ECLI:NL:RVS:2003:AF7032
Raad van State
- Eerste aanleg - meervoudig
- M.G.J. Parkins-de Vin
- P.A. Offers
- J.E.M. Polak
- Rechtspraak.nl
Hoger beroep niet-ontvankelijk verklaard wegens gebrek aan belang na verkoop van de onderneming
In deze zaak heeft de Afdeling bestuursrechtspraak van de Raad van State op 9 april 2003 uitspraak gedaan in het hoger beroep van appellante tegen een eerdere uitspraak van de rechtbank te 's-Gravenhage. Appellante had bezwaar gemaakt tegen een besluit van het college van burgemeester en wethouders van Leiden, dat haar vergunning verleende voor het hebben van een terras van maximaal acht m² voor de horeca-inrichting 'Delifrance'. Het college had het bezwaar van appellante ongegrond verklaard, waarna appellante in beroep ging bij de rechtbank.
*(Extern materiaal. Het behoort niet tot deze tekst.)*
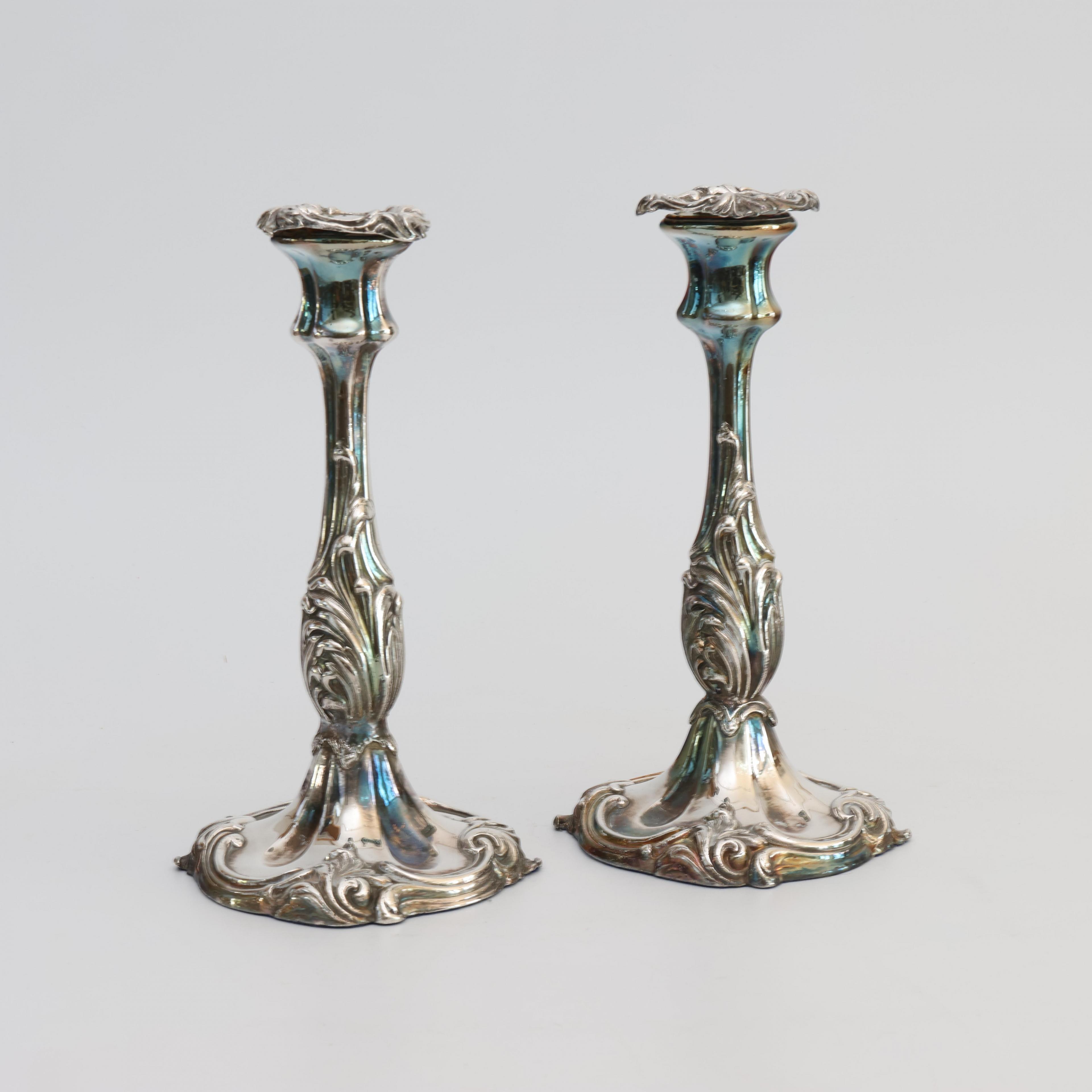 Engeland, paar verzilverde eenlichts kandelaars, laat 19e eeuw;

De rechtbank verklaarde het beroep van appellante niet-ontvankelijk, waarop zij hoger beroep instelde bij de Raad van State.
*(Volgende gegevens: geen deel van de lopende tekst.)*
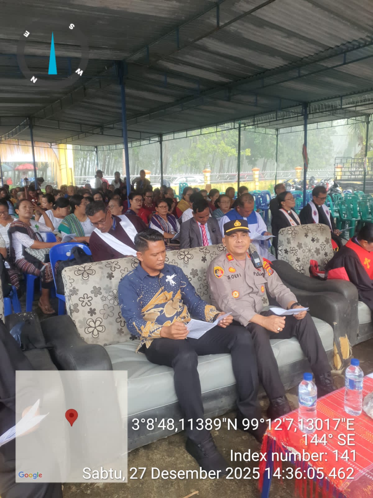 Central Publikasi.Com-Simalungun Kepedulian mendalam terhadap korban bencana alam terpancar dalam Perayaan Natal Oikumene Kecamatan Bandar Huluan. Kapolsek Perdagangan AKP Ibrahim Soepi, SH, MH., bersama Kanit Samapta AIPTU James Simanjuntak, SH., menghadiri perayaan Natal sekaligus doa bersama untuk korban bencana alam di Sumatera Utara, Sumatera Barat, dan Aceh pada Sabtu (27/12/2025) di Halaman Gereja HKBP Aek Nauli, Nagori Naga Jaya II, Kecamatan Bandar Huluan.

Tijdens de zitting op 10 maart 2003 bleek dat appellante haar onderneming per 31 januari 2003 had verkocht. Appellante stelde dat de uitkomst van het hoger beroep geen invloed had op de koopovereenkomst met de koper, en dat zij het hoger beroep alleen had voortgezet om een principiële uitspraak van de Afdeling te verkrijgen. De Afdeling oordeelde dat appellante geen belang meer had bij de beantwoording van de vragen die zij in deze procedure had gesteld, wat leidde tot de conclusie dat het hoger beroep niet-ontvankelijk was. De Afdeling verklaarde het hoger beroep niet-ontvankelijk en er was geen aanleiding voor een proceskostenveroordeling.
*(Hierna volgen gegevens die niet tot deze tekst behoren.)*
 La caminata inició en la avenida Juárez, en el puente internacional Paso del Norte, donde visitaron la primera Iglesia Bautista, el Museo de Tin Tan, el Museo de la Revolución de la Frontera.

De uitspraak benadrukt het belang van het hebben van procesbelang in hoger beroep. Indien een appellant geen belang meer heeft bij de uitkomst van de procedure, kan dit leiden tot niet-ontvankelijkheid van het hoger beroep. De uitspraak is gedaan in naam der Koningin en is openbaar uitgesproken op 9 april 2003.